L’application Campus Pal est née de cette prise de conscience : elle vise non seulement à faciliter un signalement sécurisé et confidentiel des cas de harcèlement sexuel au sein des universités et à aider à la collecte de données, mais aussi, comme le souligne Ogunrotimi avec passion, « l’appli renforce l’obligation de rendre des comptes pour les institutions ».
La réponse à l’application Campus Pal a été largement positive. Ogunrotimi a confié à Global Citizen que les étudiants ont rapidement adopté l’application, la percevant comme un véritable espace communautaire : « Ils peuvent y discuter de la vie sur le campus et des questions de sécurité, et cela compte énormément pour nous », partage-t-elle.
Elle poursuit : « Il y a aussi la possibilité de créer des liens avec d’autres étudiants et de partager des informations essentielles afin de mieux s’adapter à la vie universitaire. »
Le 30 octobre 2024, l’Assemblée nationale nigériane a adopté le Projet de loi sur la prévention, la prohibition et la réparation du harcèlement sexuel dans les établissements d’enseignement supérieur, conçu pour lutter contre le harcèlement sexuel dans ces institutions, y compris les universités. Selon ce projet de loi, toute personne reconnue coupable de harcèlement sexuel pourrait encourir jusqu’à 14 ans de prison, tandis que les dirigeants d’établissements qui ne traiteraient pas correctement les plaintes pourraient risquer 5 ans de prison ou une amende de 5 millions de nairas (plus de 3 000 $). Bien que ce projet de loi ait été présenté en 2016, puis à nouveau en 2019, il n’a toujours pas été promulgué. En 2023, avec l’arrivée d’un nouveau président, le texte atterrit sur le bureau du Président Bola Tinubu, mais, deux ans plus tard, il reste toujours en attente de signature.
Gender Mobile Initiative a joué un rôle clé dans la promotion de ce projet de loi et a demandé au président Tinubu de le signer pour qu’il entre en vigueur.
« Un tel cadre va véritablement transformer la culture et l’ambiance des espaces d’apprentissage, à travers la mise en place de protections juridiques pour les survivantes, le signalement obligatoire et une réelle responsabilisation des institutions », estime Ogunrotimi. « Cela offre une approche proactive pour prévenir le harcèlement sexuel, permet aux individus d’agir, et garantit que la sûreté, la dignité et les droits des femmes et des filles soient sauvegardés, protégés et assurés. »
Pour soutenir cette initiative, Gender Mobile Initiative a lancé une campagne nationale intitulée « Donate a Pen to Mr President ». Celle-ci a mobilisé des étudiants d’universités à travers tout le Nigeria, invités à donner symboliquement leur stylo au président Bola Tinubu afin de l’inciter à promulguer rapidement le projet de loi.
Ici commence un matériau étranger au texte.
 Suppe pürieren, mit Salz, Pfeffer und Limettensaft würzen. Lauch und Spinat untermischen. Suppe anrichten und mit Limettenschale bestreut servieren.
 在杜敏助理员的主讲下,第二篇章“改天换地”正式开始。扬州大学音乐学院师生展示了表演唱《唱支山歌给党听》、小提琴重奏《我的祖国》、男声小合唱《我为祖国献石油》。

L’adoption de ce texte est cruciale pour garantir une protection juridique aux étudiants de l’enseignement supérieur face au harcèlement sexuel.
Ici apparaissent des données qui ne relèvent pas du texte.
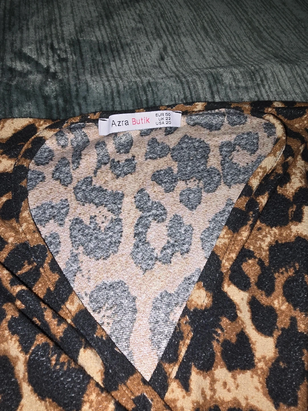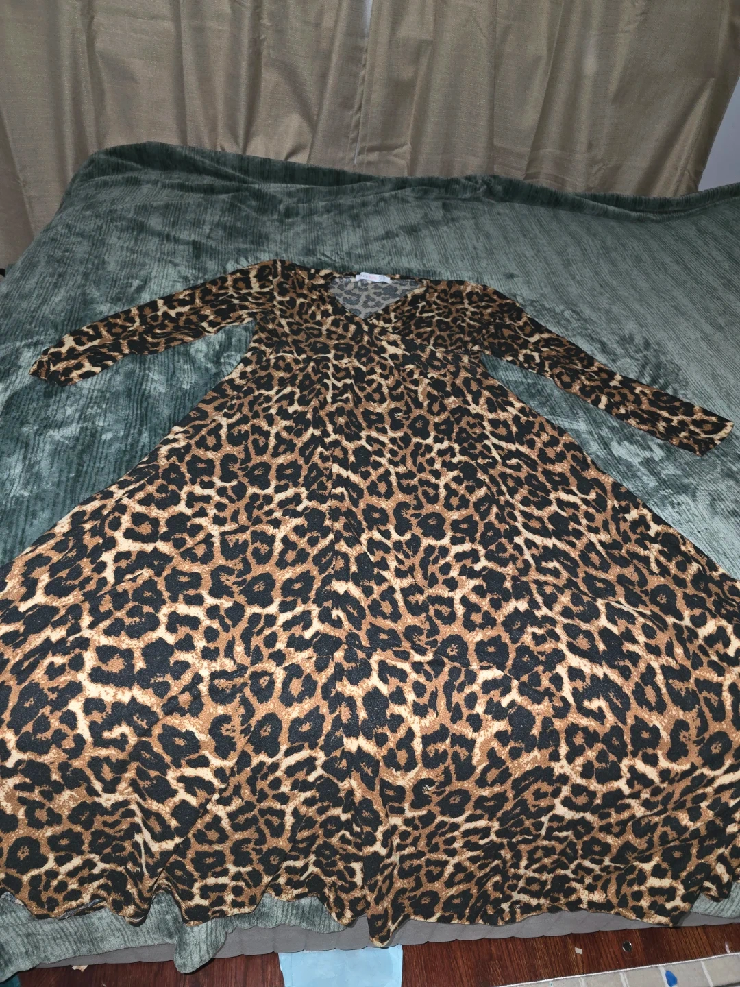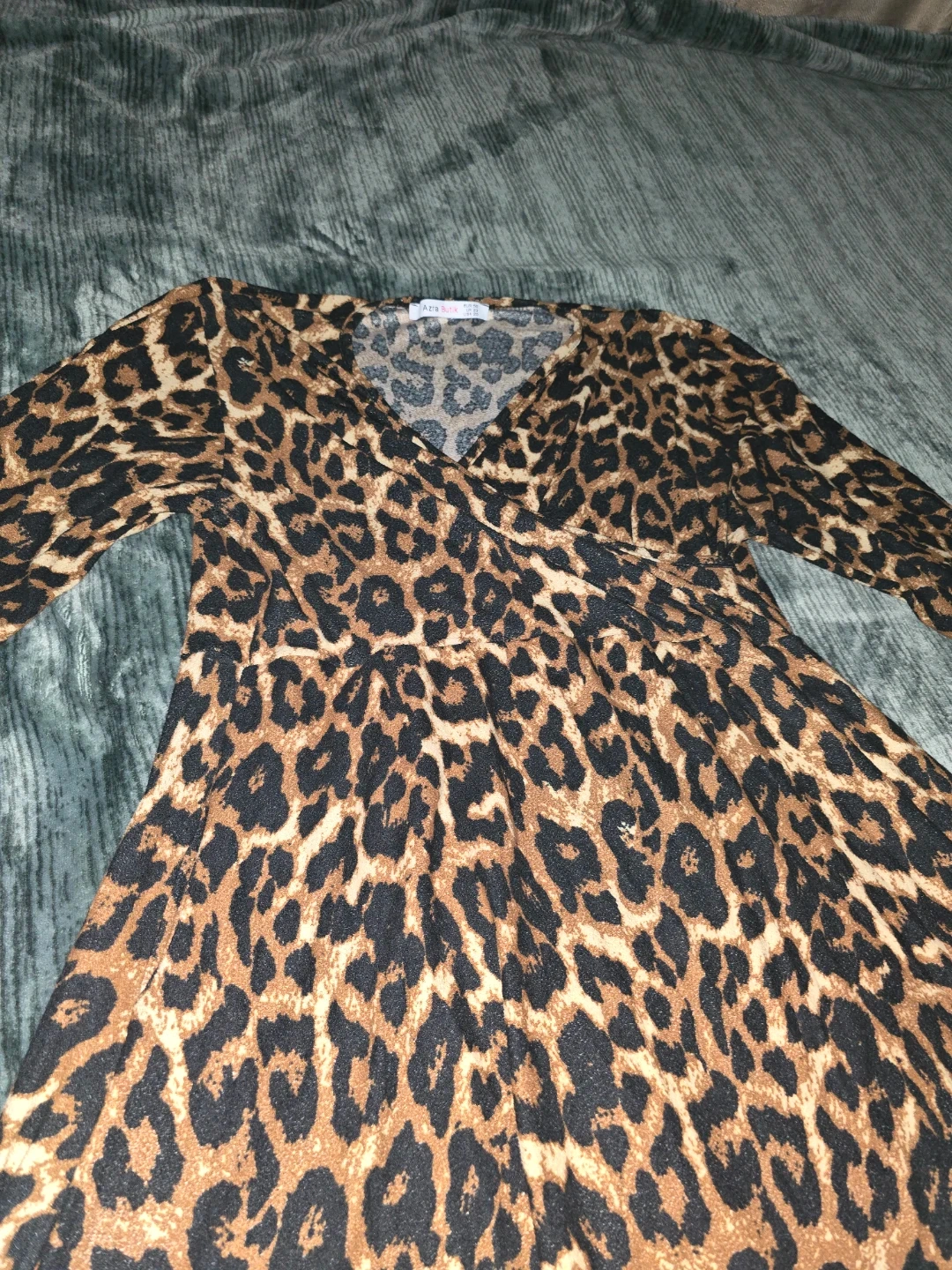 This Azra Butik dress features a classic leopard print and a flattering wrap style. It's designed with long sleeves and a comfortable fit. The dress is a size 10, perfect for casual outings or dressing up!

Revenant sur l’obtention du Global Citizen Prize 2025, Ogunrotimi décrit cette distinction comme une reconnaissance du travail mené par son organisation et de son engagement face à l’urgence des violences fondées sur le genre.
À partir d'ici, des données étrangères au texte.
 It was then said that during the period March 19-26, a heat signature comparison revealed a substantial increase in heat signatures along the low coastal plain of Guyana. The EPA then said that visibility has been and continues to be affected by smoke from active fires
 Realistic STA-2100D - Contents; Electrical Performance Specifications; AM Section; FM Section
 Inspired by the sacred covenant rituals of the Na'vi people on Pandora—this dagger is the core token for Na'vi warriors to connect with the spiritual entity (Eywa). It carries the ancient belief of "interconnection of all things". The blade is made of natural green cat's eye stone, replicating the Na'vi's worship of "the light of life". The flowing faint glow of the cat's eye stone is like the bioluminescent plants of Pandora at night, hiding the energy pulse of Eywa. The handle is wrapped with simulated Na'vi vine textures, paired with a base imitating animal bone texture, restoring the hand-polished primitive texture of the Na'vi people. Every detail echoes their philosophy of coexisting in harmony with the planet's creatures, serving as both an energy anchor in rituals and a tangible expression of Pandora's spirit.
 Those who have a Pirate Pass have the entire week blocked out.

« Ce prix va nous permettre d’amplifier notre impact et de mobiliser davantage de soutien autour de nos actions », confie-t-elle à Global Citizen. « À mes yeux, cette récompense valide mon engagement et mon leadership, mais je ne suis rien sans mon équipe : ce prix leur revient aussi. »
Alors qu’Ogunrotimi poursuit son combat contre les violences basées sur le genre au Nigeria, son histoire montre à quel point la résilience, le plaidoyer et l’action collective peuvent changer les choses. Le chemin vers l’égalité des genres reste difficile, mais grâce à des voix comme la sienne, le changement est en marche.